== Segment start ==
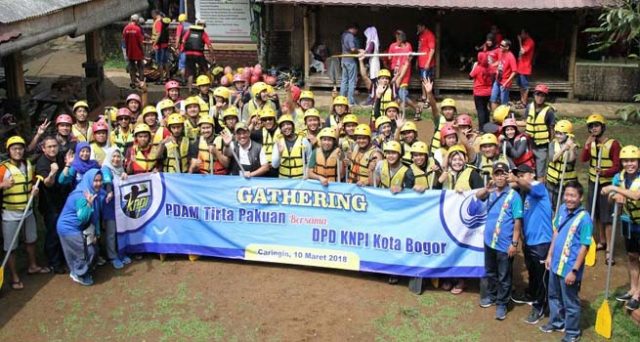 INILAHONLINE.COM, BOGOR – PDAM Tirta Pakuan Kota Bogor bersama pengurus Dewan Pimpinan Daerah (DPD) KNPI Kota Bogor memperkuat kebersamaan dan sinergitas dengan arung jeram (rafting) menyusuri Sungai Cisadane, Sabtu (10/3/2018).
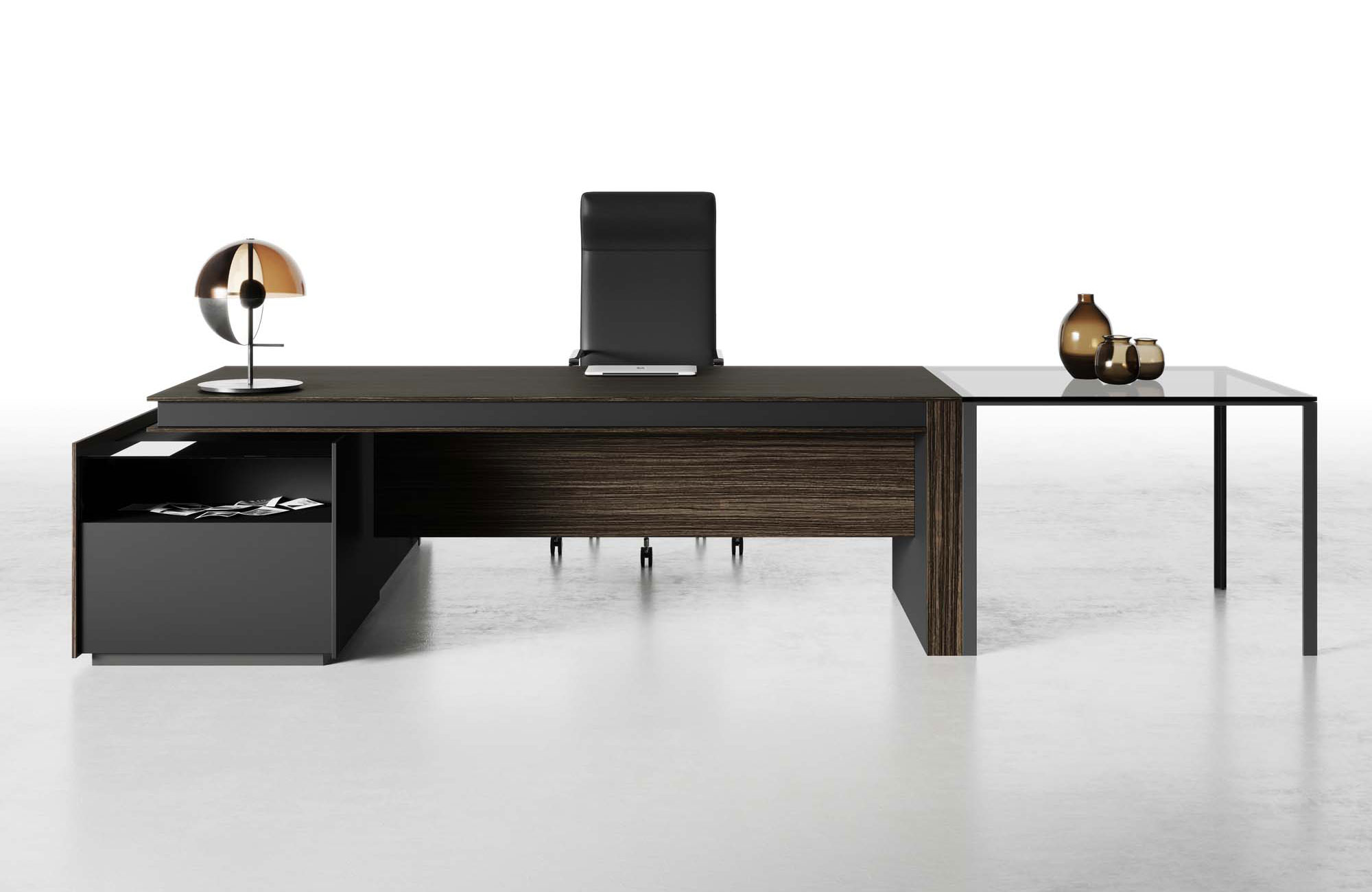 The Vittoria desk’s design is inspired by an aesthetic and referential approach to architectural values. The process of form identification is achieved through the construction of various functional elements and the variation of different distributive layouts. By exploiting the use of the technical characteristics of laminates and of metal, it is possible to combine solidity and lightness as modern architecture requires. The principle of formal discretion gives an identity to the design without being invasive. The top surface of this desk accentuates the horizontal alignment, and the intersection of the side desk defines a space that is functional but at the same time meticulous. The union of the materials is inspired by contemporary urban architecture. Stone, wood, crystal and metal are reproduced with balance in the various components. Everything is designed to be functional but also invisible: the double layers and the panel grooves allow the presence of various technical cabling. The flush crystal cases work as open compartment units: they enhance a feeling of prestige, transmitting the perception of the furniture as an architectural element. The crystal courtesy frames show that we are in executive mode and hint to private corners whilst being aesthetically functional in concealing any monitors or computers. The laminate tones belong to the warm grey and natural oak, combined with bronze and metal. The design finishing mixes the neutral tones of the tobacco with the sand colors; furthermore, the metals have a pleasant effect and are easily placeable. The use of dark colored crystals enriches the design with elements of depth and contrast. The designs have been realized using the latest generation of technical laminates which give intrinsic material characteristics to the furnishing surface. The technical marble tops give an added value of exclusivity and individuality. This project reveals multiple configurations and introduce the concept of glass showcase: a simple accessory that can become a privacy screen or a storage compartment. The Vittoria desk is characterized by the linearity, elegance and dignity of the materials. The top and the side desk are in honeycomb core with double laminate panels, with brushed oak texture in tobacco and ash grey oak finishes. The desk can be equipped with 6mm Gres with Sahara Noir and Calacatta Gold finishes. On desks a meeting smoky grey glass meeting table with metal structure can be added.
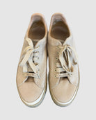 Max Mara Tunny low-top sneakers combine refined simplicity with everyday comfort. Crafted from premium leather with fabric accents and a cushioned tongue, these shoes feature a classic round toeline and secure lace closure. The durable rubber sole ensures reliable traction and longevity. Size 37. A sophisticated choice for those seeking understated elegance in their footwear collection.
== Segment end ==
Repeat the material above precisely as it appears, omitting the images it contains.

 INILAHONLINE.COM, BOGOR – PDAM Tirta Pakuan Kota Bogor bersama pengurus Dewan Pimpinan Daerah (DPD) KNPI Kota Bogor memperkuat kebersamaan dan sinergitas dengan arung jeram (rafting) menyusuri Sungai Cisadane, Sabtu (10/3/2018).
 The Vittoria desk’s design is inspired by an aesthetic and referential approach to architectural values. The process of form identification is achieved through the construction of various functional elements and the variation of different distributive layouts. By exploiting the use of the technical characteristics of laminates and of metal, it is possible to combine solidity and lightness as modern architecture requires. The principle of formal discretion gives an identity to the design without being invasive. The top surface of this desk accentuates the horizontal alignment, and the intersection of the side desk defines a space that is functional but at the same time meticulous. The union of the materials is inspired by contemporary urban architecture. Stone, wood, crystal and metal are reproduced with balance in the various components. Everything is designed to be functional but also invisible: the double layers and the panel grooves allow the presence of various technical cabling. The flush crystal cases work as open compartment units: they enhance a feeling of prestige, transmitting the perception of the furniture as an architectural element. The crystal courtesy frames show that we are in executive mode and hint to private corners whilst being aesthetically functional in concealing any monitors or computers. The laminate tones belong to the warm grey and natural oak, combined with bronze and metal. The design finishing mixes the neutral tones of the tobacco with the sand colors; furthermore, the metals have a pleasant effect and are easily placeable. The use of dark colored crystals enriches the design with elements of depth and contrast. The designs have been realized using the latest generation of technical laminates which give intrinsic material characteristics to the furnishing surface. The technical marble tops give an added value of exclusivity and individuality. This project reveals multiple configurations and introduce the concept of glass showcase: a simple accessory that can become a privacy screen or a storage compartment. The Vittoria desk is characterized by the linearity, elegance and dignity of the materials. The top and the side desk are in honeycomb core with double laminate panels, with brushed oak texture in tobacco and ash grey oak finishes. The desk can be equipped with 6mm Gres with Sahara Noir and Calacatta Gold finishes. On desks a meeting smoky grey glass meeting table with metal structure can be added.
 Max Mara Tunny low-top sneakers combine refined simplicity with everyday comfort. Crafted from premium leather with fabric accents and a cushioned tongue, these shoes feature a classic round toeline and secure lace closure. The durable rubber sole ensures reliable traction and longevity. Size 37. A sophisticated choice for those seeking understated elegance in their footwear collection.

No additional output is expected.